[TASK INSTRUCTIONS]: Starting with the line that contains "- Konferencja Naukowa", repeat exactly every line through the last one in the records below, and leave out the pictures.

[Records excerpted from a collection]
────────────────────────────────────────

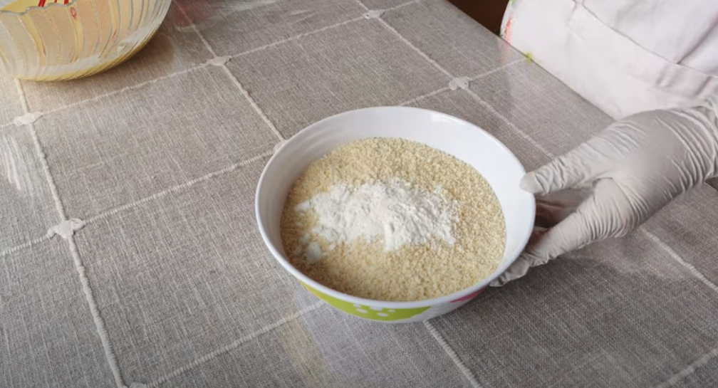 Ustaw piekarnik na 180°C. W dużej misce ubij trzy jajka w temperaturze pokojowej. Dodaj 1 łyżeczkę (5 ml) soku z cytryny. Dodaj ¼ szklanki (60 ml) oleju z pestek winogron (lub oleju roślinnego/roztopionego masła). Dodaj ¼ szklanki (60 g) cukru i lekko wymieszaj. Następnie dodaj ½ szklanki (120 g) zwykłego greckiego jogurtu i wymieszaj wszystko na gładko.
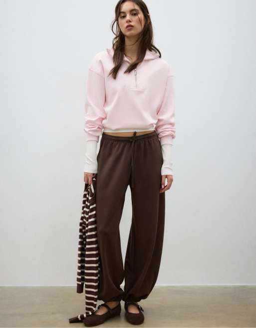 Stradivarius High-neck zip-up sweatshirt in salmon pink
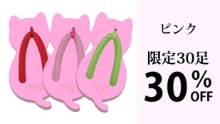 かわいいにゃんこシルエットのげた。 その名も「にゃらげたキュート」は、見た目のかわいらしさはもちろんのこと、足に優しいクッション性とソフトな布鼻緒の組合せで、なんとご自分で鼻緒交換していただけます。
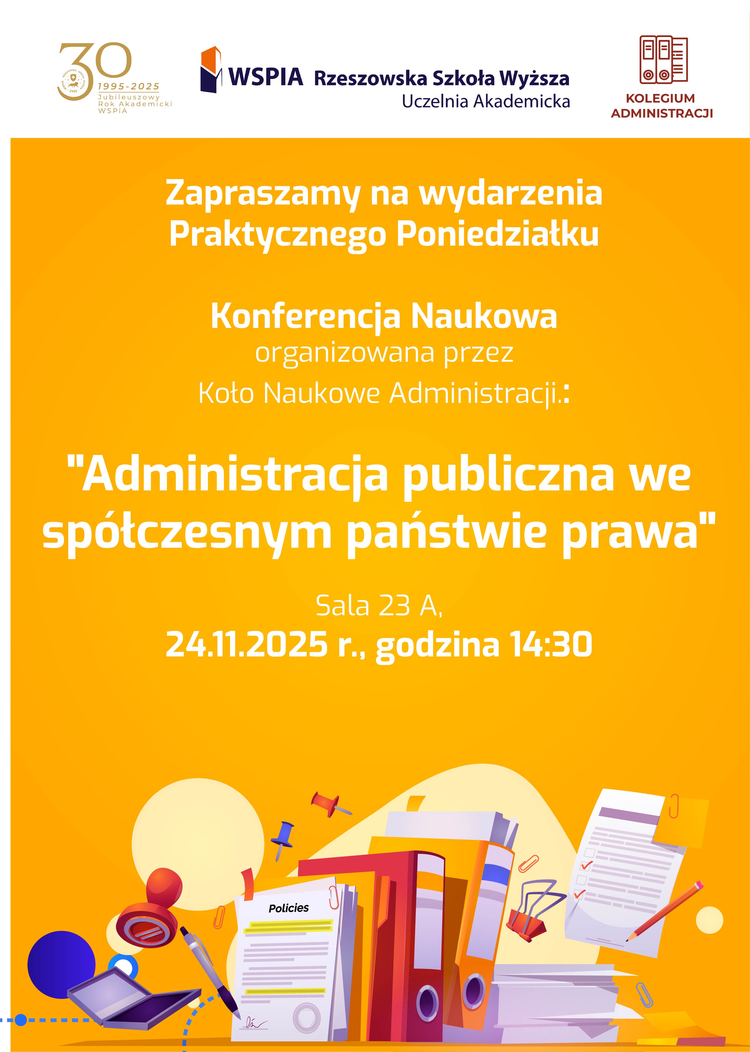 - Konferencja Naukowa pt.: "Administracja publiczna we spółczesnym państwie prawa", organizowana przez Koło Naukowe Administracji. Sala 23 A, godzina 14:30;
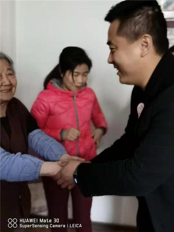 甘肅絲路布衣酒店管理有限公司董事長魏永祥(右)與老人親切握手
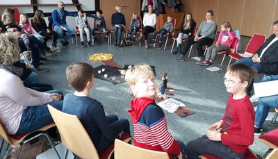 Am Karfreitag Morgen versammelten sich Kommunionkinder und Kinder aus den verschiedenen Gemeinden im Gäu im Dorfgemeinschaftshaus Böbingen, um auf ganzheitliche Art und Weise den Kreuzweg Jesu kennenzulernen und zu beten. Während der Erzählung des Leidens und Sterbens Jesu entstand in unserer Mitte ein Bild, gelegt mit Tüchern, Symbolen und biblische Erzählfiguren. Eindrucksvoll stand uns die damalige Situation in Jerusalem vor Augen. Am Ende durften die Kinder das Kreuz schmücken, als Hoffnungszeichen für die Auferstehung Jesu, die wir an Ostern feiern dürfen.
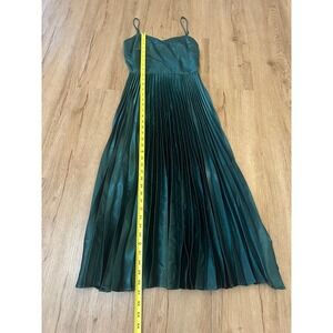 Gianni Bini Satin Pleated Spaghetti Strap Midi Dress Emerald Green Size 0

────────────────────────────────────────

[TASK ANSWER]:
 - Konferencja Naukowa pt.: "Administracja publiczna we spółczesnym państwie prawa", organizowana przez Koło Naukowe Administracji. Sala 23 A, godzina 14:30;
 甘肅絲路布衣酒店管理有限公司董事長魏永祥(右)與老人親切握手
 Am Karfreitag Morgen versammelten sich Kommunionkinder und Kinder aus den verschiedenen Gemeinden im Gäu im Dorfgemeinschaftshaus Böbingen, um auf ganzheitliche Art und Weise den Kreuzweg Jesu kennenzulernen und zu beten. Während der Erzählung des Leidens und Sterbens Jesu entstand in unserer Mitte ein Bild, gelegt mit Tüchern, Symbolen und biblische Erzählfiguren. Eindrucksvoll stand uns die damalige Situation in Jerusalem vor Augen. Am Ende durften die Kinder das Kreuz schmücken, als Hoffnungszeichen für die Auferstehung Jesu, die wir an Ostern feiern dürfen.
 Gianni Bini Satin Pleated Spaghetti Strap Midi Dress Emerald Green Size 0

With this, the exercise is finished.